A faithful transcript of all the lines below, with no pictures, is the goal here.

Provided data:
-------

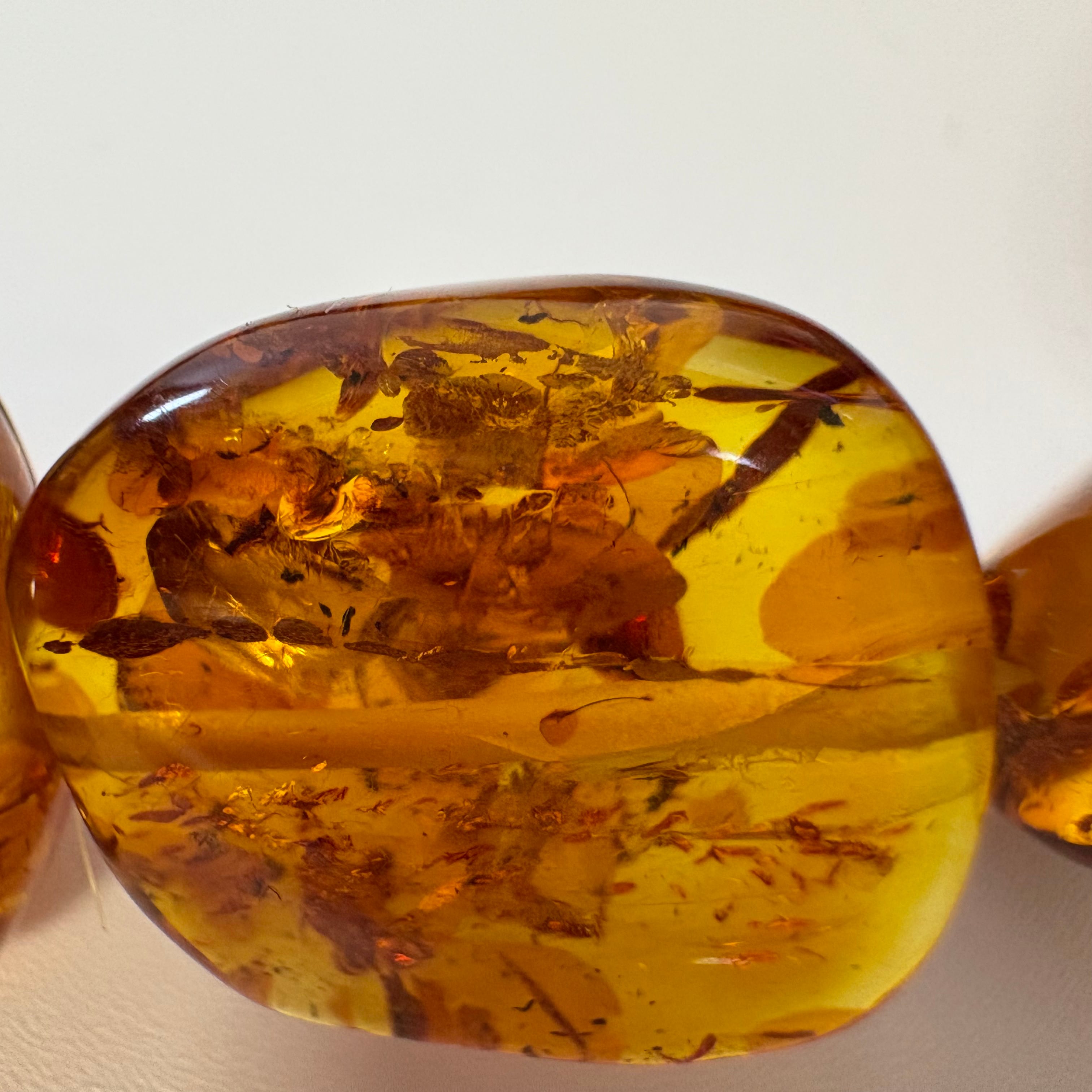 琥珀(アンバー)は、数百万年以上前の樹脂が化石化したもので、鉱物ではなく有機物の一種です。そのため、他の宝石とは異なり、温かみのある軽い質感を持ち、優しいエネルギーを放つことで知られています。古代から「太陽の石」として崇められ、幸運や健康をもたらすお守りとして愛されてきました。 特にヨーロッパやアジアでは、病気を防ぎ、生命力を高める力があると信じられています。画像の最後はUVライト(ブラックライト)を当てました。青く光るのは本物の証しです。
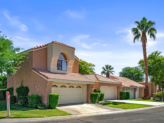 Welcome to your private retreat in the heart of Oasis Country Club. This two-story residence offers two spacious bedrooms, two and a half bathrooms, and a thoughtfully designed floor plan that blends comfort with convenience. Upstairs, you'll find two generously sized bedroom suites, each with its own private bath. The bathrooms have been completely remodeled with modern finishes, while the bedrooms remain in their original style--bright, comfortable, and ready for your personal touch. The primary suite also includes an upgraded walk-in closet with custom storage solutions, and the upstairs landing features built-in cabinetry for added functionality.On the main level, a guest powder room provides ease of entertaining without needing to access the upstairs quarters. The home also offers direct access from the attached garage, where upgrades include finished drywall, a new garage door, and a new motor.Additional updates throughout the home bring peace of mind and modern comfort:All-new carpet and interior paintNew lighting fixtures and updated lighting upstairs. New HVAC system installed in October 2023.Step outside to the private back patio, surrounded by mature hedges, creating a tranquil setting for outdoor dining or relaxation. Just beyond your door, one of Oasis Country Club's 18 pools and spas is only steps away, making it easy to enjoy resort-style amenities every day.This desirable corner cul-de-sac location also offers easy walking access to the clubhouse and fairways. Beyond the residence, Oasis Country Club features an 18-hole executive golf course designed for a quick, enjoyable round, as well as pickleball, tennis, a dog park, and countless social activities that make the community both lively and welcoming.Whether you are seeking a year-round home or a refined desert getaway, this property offers the perfect balance of privacy, convenience, and community--all within a beautifully maintained, amenity-rich setting.
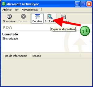 Pinchar en Explorar para acceder a las carpetas y archivos de la PDA.

-------

Expected answer:
 琥珀(アンバー)は、数百万年以上前の樹脂が化石化したもので、鉱物ではなく有機物の一種です。そのため、他の宝石とは異なり、温かみのある軽い質感を持ち、優しいエネルギーを放つことで知られています。古代から「太陽の石」として崇められ、幸運や健康をもたらすお守りとして愛されてきました。 特にヨーロッパやアジアでは、病気を防ぎ、生命力を高める力があると信じられています。画像の最後はUVライト(ブラックライト)を当てました。青く光るのは本物の証しです。
 Welcome to your private retreat in the heart of Oasis Country Club. This two-story residence offers two spacious bedrooms, two and a half bathrooms, and a thoughtfully designed floor plan that blends comfort with convenience. Upstairs, you'll find two generously sized bedroom suites, each with its own private bath. The bathrooms have been completely remodeled with modern finishes, while the bedrooms remain in their original style--bright, comfortable, and ready for your personal touch. The primary suite also includes an upgraded walk-in closet with custom storage solutions, and the upstairs landing features built-in cabinetry for added functionality.On the main level, a guest powder room provides ease of entertaining without needing to access the upstairs quarters. The home also offers direct access from the attached garage, where upgrades include finished drywall, a new garage door, and a new motor.Additional updates throughout the home bring peace of mind and modern comfort:All-new carpet and interior paintNew lighting fixtures and updated lighting upstairs. New HVAC system installed in October 2023.Step outside to the private back patio, surrounded by mature hedges, creating a tranquil setting for outdoor dining or relaxation. Just beyond your door, one of Oasis Country Club's 18 pools and spas is only steps away, making it easy to enjoy resort-style amenities every day.This desirable corner cul-de-sac location also offers easy walking access to the clubhouse and fairways. Beyond the residence, Oasis Country Club features an 18-hole executive golf course designed for a quick, enjoyable round, as well as pickleball, tennis, a dog park, and countless social activities that make the community both lively and welcoming.Whether you are seeking a year-round home or a refined desert getaway, this property offers the perfect balance of privacy, convenience, and community--all within a beautifully maintained, amenity-rich setting.
 Pinchar en Explorar para acceder a las carpetas y archivos de la PDA.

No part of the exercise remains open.